As he unveiled the details of his sweeping $1.9 trillion “American Rescue Plan,” President-elect Joe Biden emphasized the moral imperative for Congress to act immediately to combat the coronavirus, rescue the American economy and close the “growing divide between those few people at the very top, who are doing quite well in this economy, and the rest of America.”
Biden’s proposal is designed to combat twin public health and economic disasters and will set aside $400 billion to address the pandemic, including $20 billion for a national vaccination program, $50 billion for expanded testing, and an investment to fund 100,000 public health workers.
It will deliver direct aid to Americans in the form of boosted $2,000 stimulus checks, $400 weekly enhanced federal unemployment insurance and an expanded child tax credit, and provide money for rental relief, childcare and sick leave.
It will set aside $130 billion to help the majority of K-8 schools reopen within Biden’s first 100 days, $350 billion to help state and local governments fill budget shortfalls, and $190 billion for struggling small businesses in the form of loans and grants.

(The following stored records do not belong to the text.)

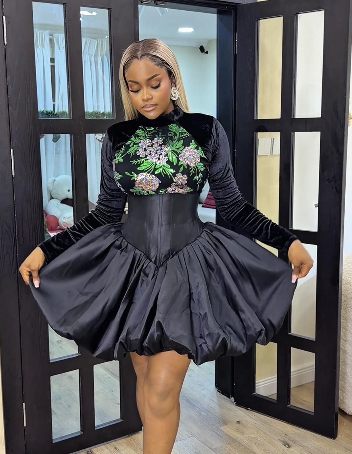 MULTICOLORED FLORAL CORSET BUBBLE DRESS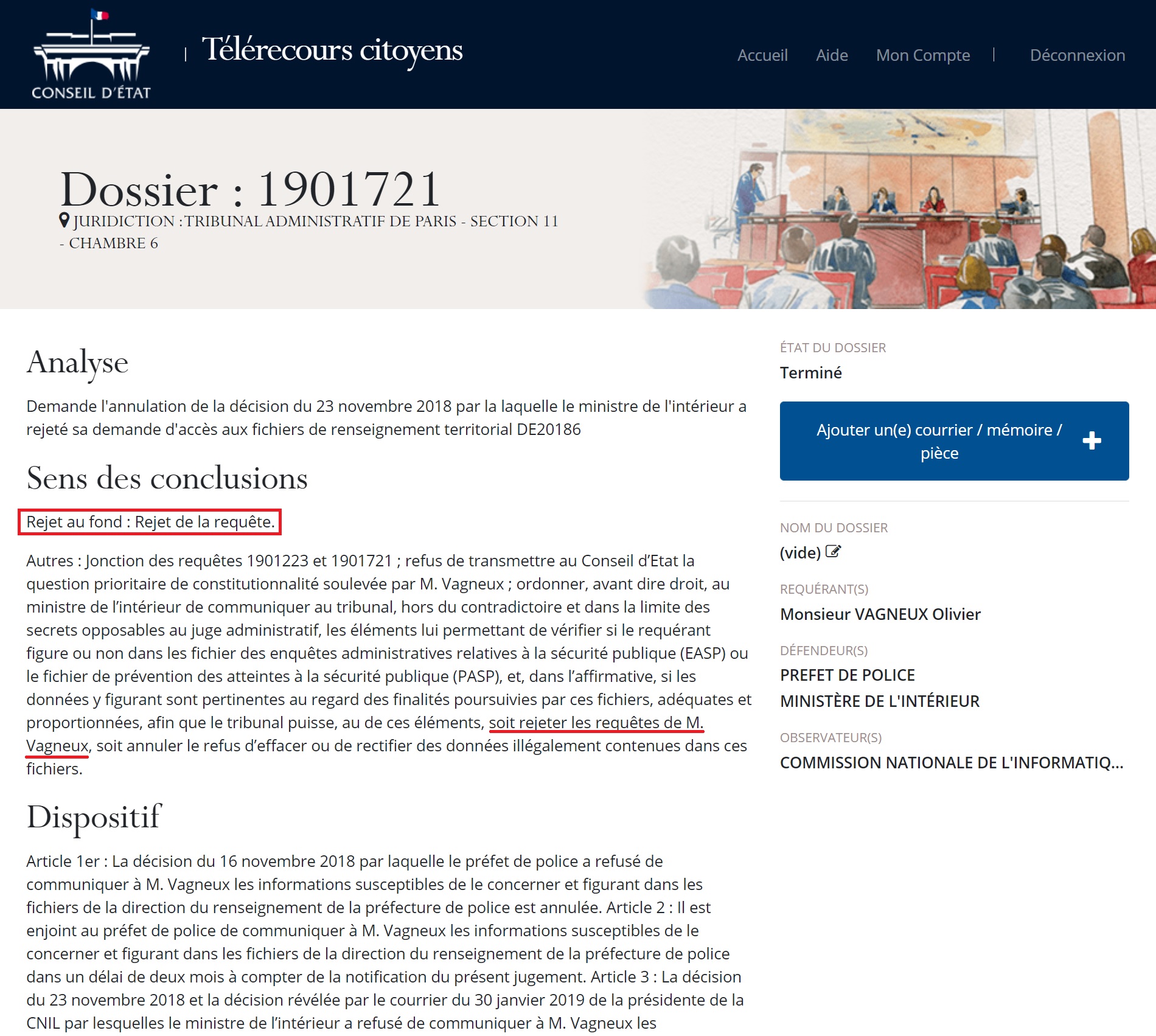 Sauf que la rapporteure publique du Tribunal administratif de Paris, d’une chambre qui est spécialisée dans ce type de contentieux, a cité cette jurisprudence dans ses conclusions, dans lesquelles elle n’a jamais entrevue autre chose que le rejet de ma requête, ou à défaut, une action du Tribunal pour que lui-même intervienne pour faire annuler ou rectifier lesdites données.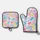 Fun pastel colourful vibrant shapes oven mitt & pot holder set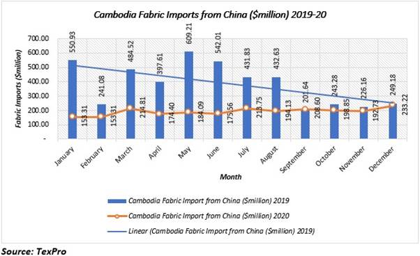 Also, the input materials for the manufacturing of garments had been impacted significantly, especially imports from China. The Cambodian fabric imports from China declined by 50.18 per cent in 2020 to $2,296.77 million from $4,610.09 million in 2019. It suddenly dropped in January 2020 and February 2020. The Cambodian yarn imports from China declined by 14.47 per cent in 2020 to $188.33 million from $220.18 million in 2019. The Cambodian fibre imports from China declined by 22.31 per cent in 2020 to $4,016.93 million from $5,170.53 million in 2019.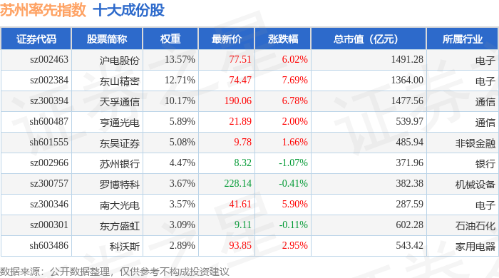 证券之星消息,10月27日,苏州率先(399410)指数报收于2737.98点,涨3.56%,成交418.36亿元,换手率2.46%。当日该指数成份股中,上涨的有21家,纽威股份以10.0%的涨幅领涨,下跌的有8家,天顺风能以2.96%的跌幅领跌。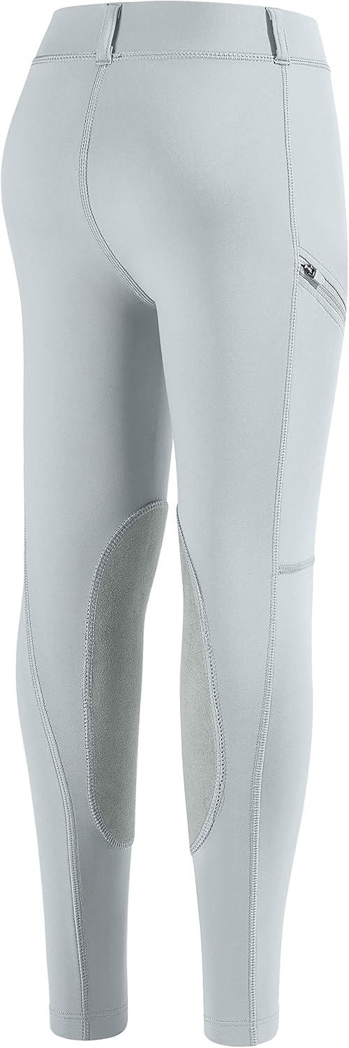 SANTINY Girls Horse Riding Pants with Zipper Pockets Kids Stretchy Equestrian Breeches Knee-Patch Youth Schooling Tights(Light Grey)
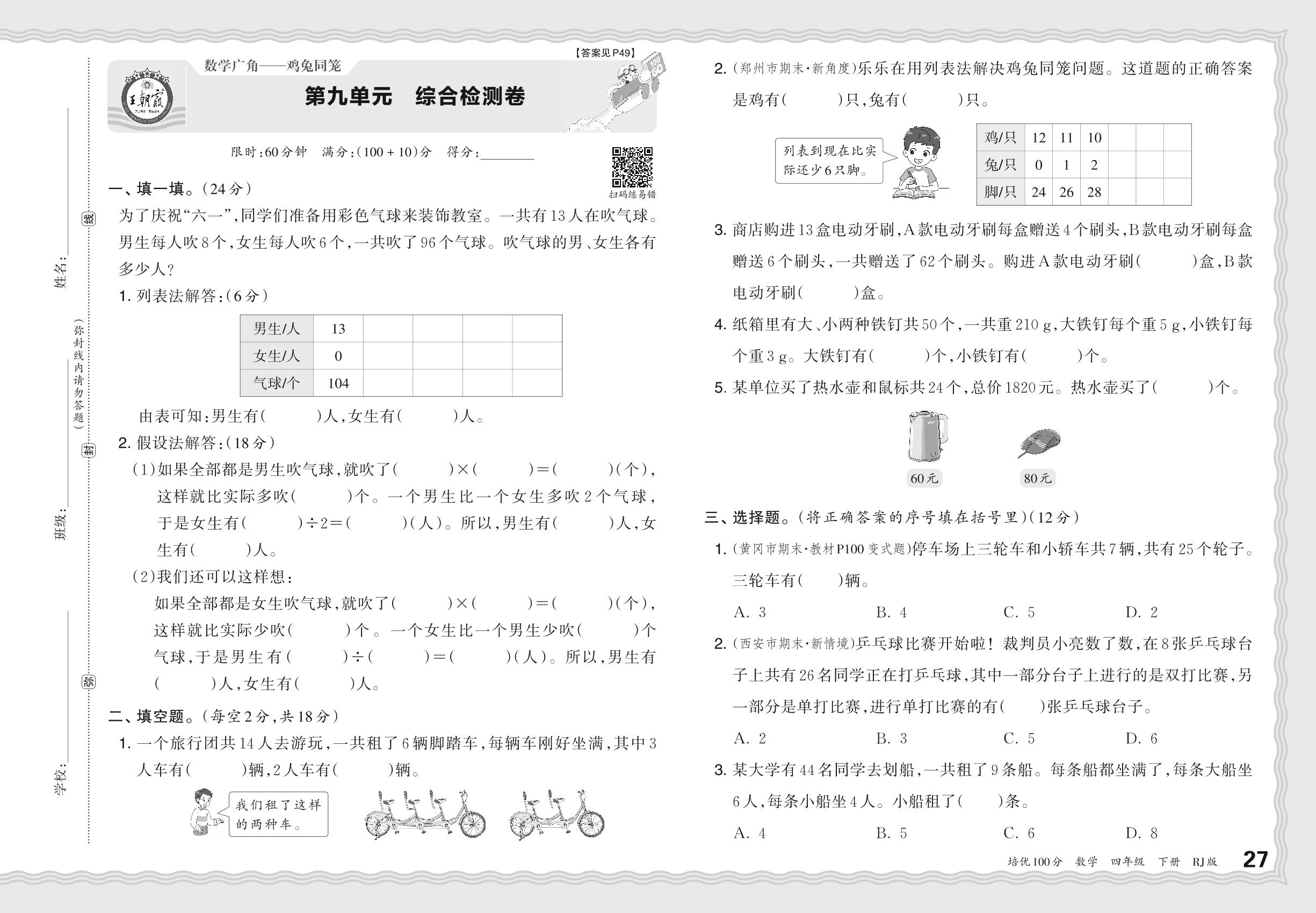 2024春下册四年级数学人教版 第九单元 综合检测卷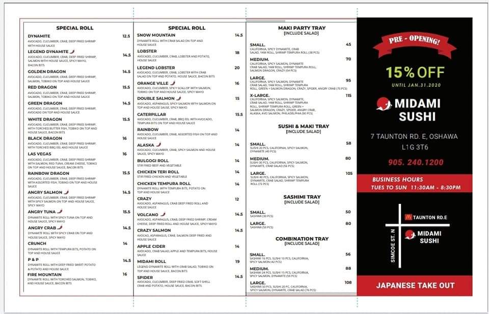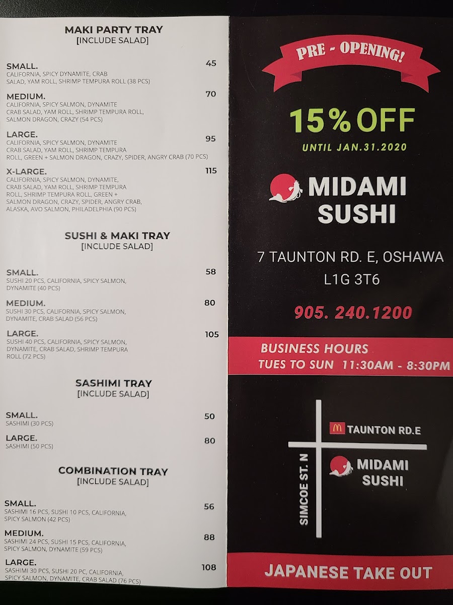 Welcome to Midami Sushi, a hidden gem nestled at 7 Taunton Rd E, Oshawa, Ontario. This cozy spot has charmed locals with its remarkable food quality and delightful ambiance. Customers rave about the fresh, thickly sliced sashimi and beautifully presented sushi rolls, solidifying Midami as a top destination for sushi lovers in Durham.
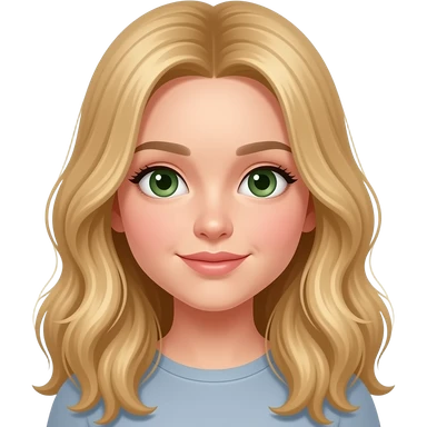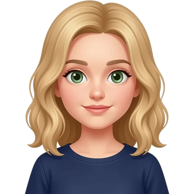 Girl with pale skin, sightly wavy hair, dark green eyes, blonde hair, back length hair, navy color top emoji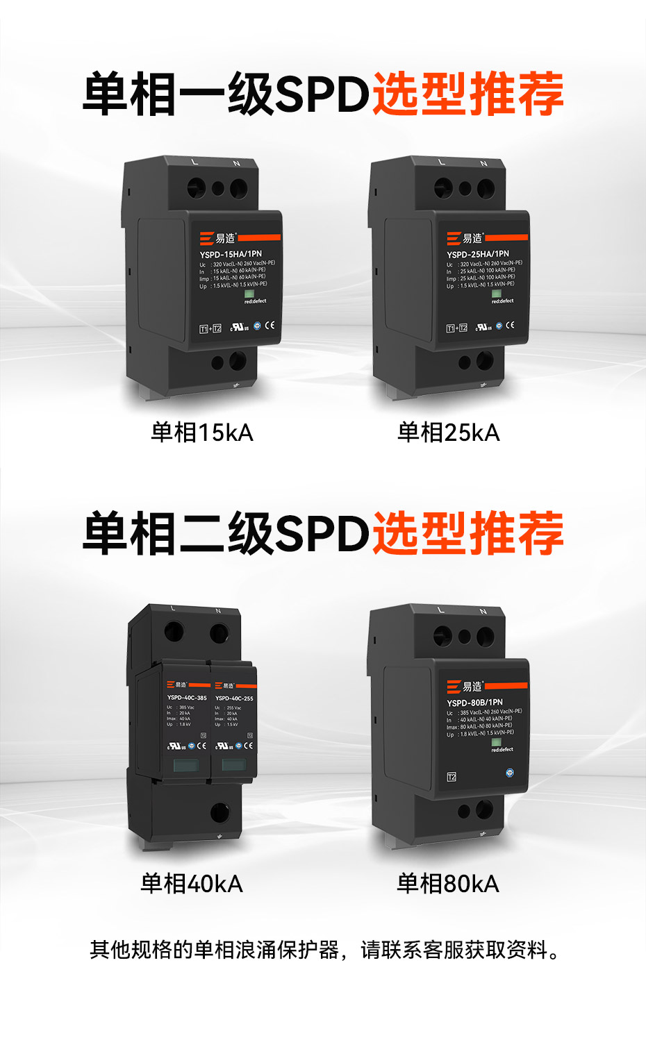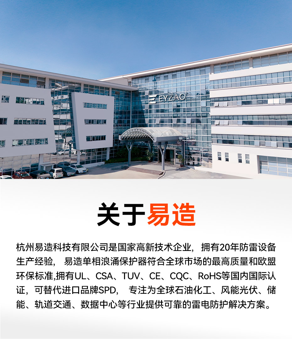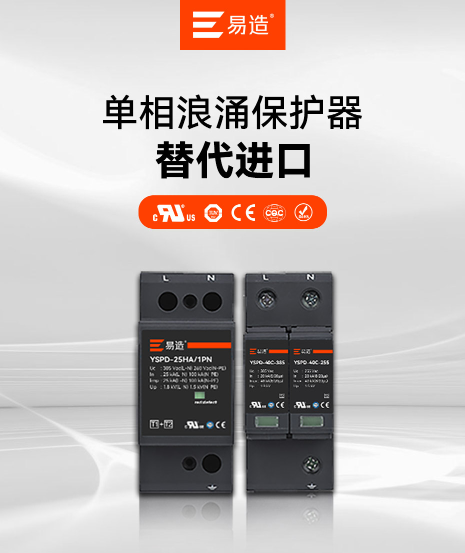 易造T1级、T2级单相浪涌保护器,规格型号齐全,拥有UL、TUV、CE、CQC等国内国际质量认证,符合全球市场的最高安全和RoHS欧盟环保标准,可替代进口品牌SPD,支持出口。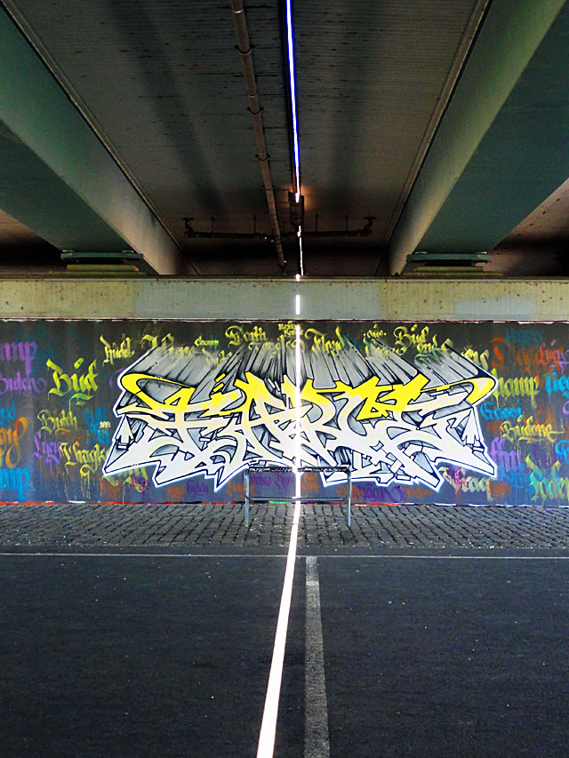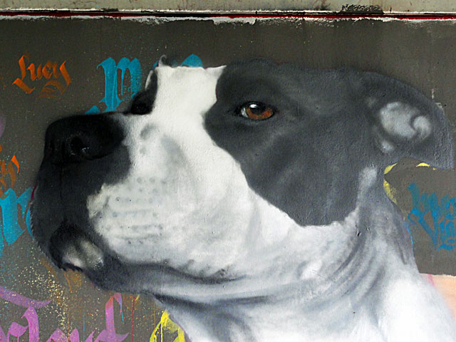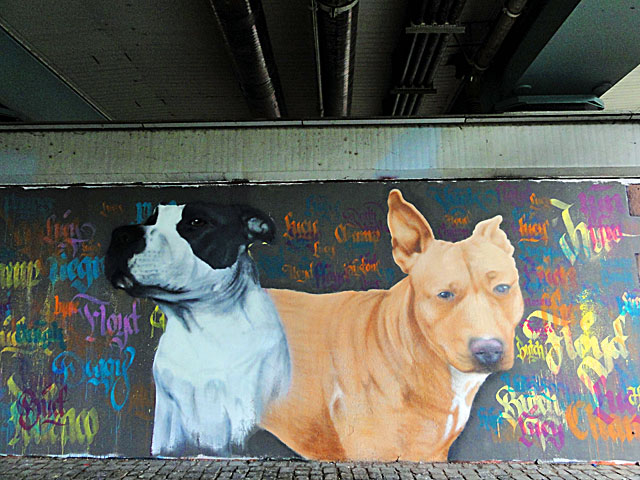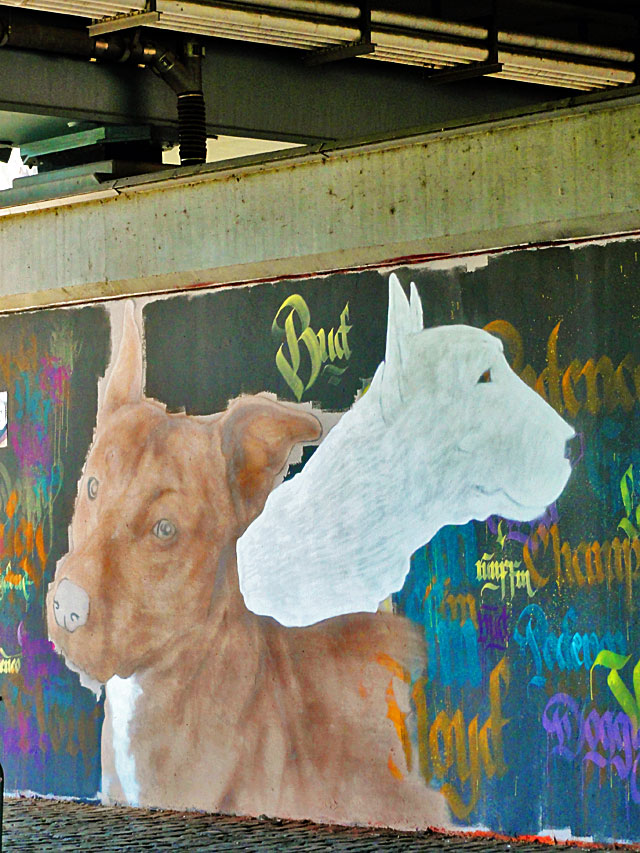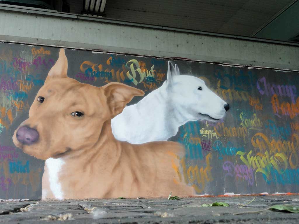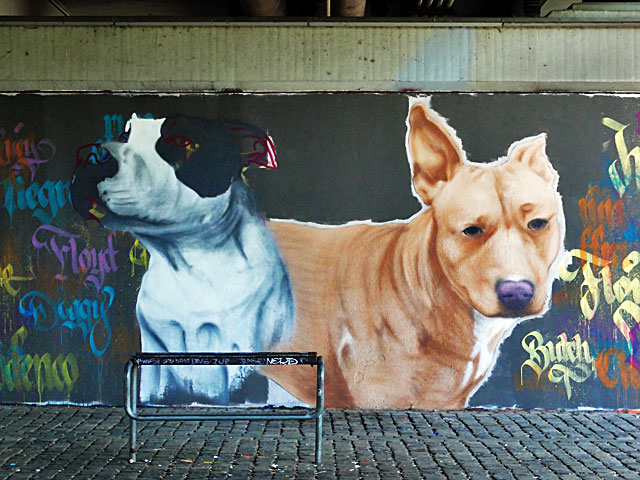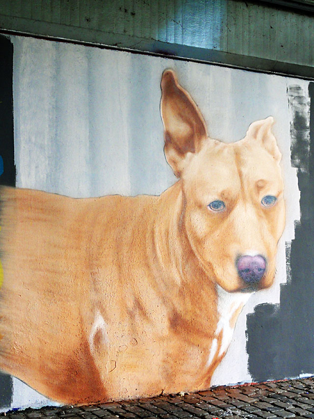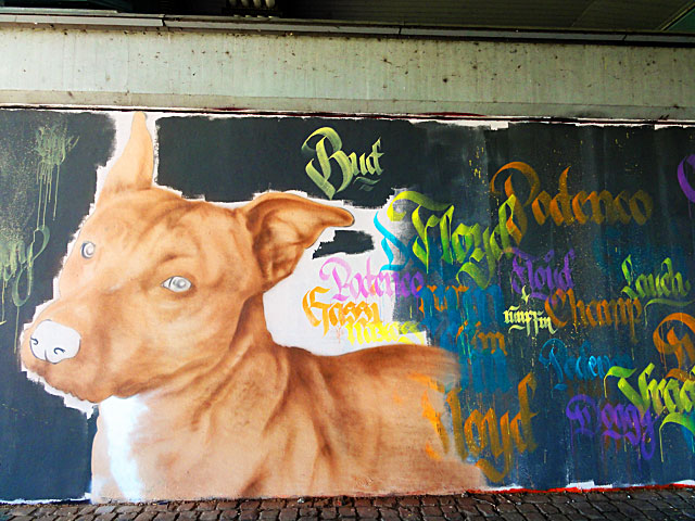 Wie bereits vor einer Woche in Graffiti an der Friedensbrücke – Auf den Hund gekommen (1) angekündigt, folgen heute die Fotos von der anderen Wand. Im unteren Bereich dieses Beitrags gibt es außerdem einige Fotos, die das entstehende Werk zu unterschiedlichen Zeitpunkten zeigen.

The wide-ranging plan also includes a provision to raise the national minimum wage to $15 per hour, an expansion of the SNAP food assistance program, and money for childcare, along with a host of other provisions.
The $1.9 trillion “rescue” plan is the first part of a two-part initiative, the second part of which Biden plans to lay out in February before a joint session of Congress.
That “recovery” plan will include investments in infrastructure, manufacturing, and clean energy to bolster the economy in the long term, Biden said.
“We cannot afford inaction,” Biden said during prepared remarks on Thursday. “It’s not just that smart fiscal investments, including deficit spending, are more urgent than ever. It’s that the return on these investments in jobs, racial equity, will prevent long term economic damage, and the benefits will far…surpass the cost.”
Congress has already authorized some $3.5 trillion in stimulus spending over the course of five relief bills, including the $900 billion package President Trump signed into law in late December. Meanwhile, the coronavirus crisis in the United States shows no signs of easing up in the short-term despite the authorization of effective vaccines. The rollout of those vaccines has been plagued by delays across the country, and new, more infectious strains of the virus threaten to cause surges that overwhelm hospitals. The Centers for Disease Control and Prevention is predicting that another 92,000 Americans will die from Covid-19 over the next three weeks.
965,000. That’s how many people filed new claims for state unemployment benefits last week. It’s the highest weekly claims total since August and a worrying sign that the ongoing coronavirus pandemic is continuing to weigh on the labor market. “The rise and level of new unemployment claims is shocking,” Bankrate senior economic analyst Mark Hamrick said Thursday. “The depth and duration of this downturn, now 43 weeks long, demand further fiscal response on the part of elected officials in Washington,” he added.
During his prepared remarks on Thursday evening, Biden appeared to address concerns from some lawmakers—most notably Sen. Joe Manchin (D-W.Va.)—that $2,000 stimulus checks are too large and that direct payments must be targeted to those who have lost jobs and income. “Even for those who kept their jobs, these checks are really important,” Biden said. Manchin is a conservative Democrat whose vote will be critical to the bill’s passage. He signaled last week that he might be opposed to the larger checks if they are not more narrowly targeted.
What We Don’t Know
Whether Biden’s ambitious proposal can pass in a deeply partisan Congress. Biden has said his goal is to drum up enough bipartisan support for his plan to pass and overcome a filibuster under the Senate’s normal rules (he’ll need at least ten Republican votes to do that), but the hefty price tag might prompt resistance from many in the GOP. Last year, many Senate Republicans were reluctant to support federal relief legislation larger than about $500 billion—the new boosted stimulus checks alone are projected to cost the federal government $463.8 billion, almost as much as the $500 billion “skinny” plans Senate Majority Leader Mitch McConnell (R-Ky.) touted last year. The new Senate can still pass the bill under special reconciliation budget rules if that GOP buy-in doesn’t materialize in the coming weeks, but because of Democrats’ tight margin of control (the chamber will be split 50-50, with Vice President-elect Kamala Harris casting the deciding vote), Biden will not be able to lose a single Democratic vote without earning a Republican vote to even out the loss.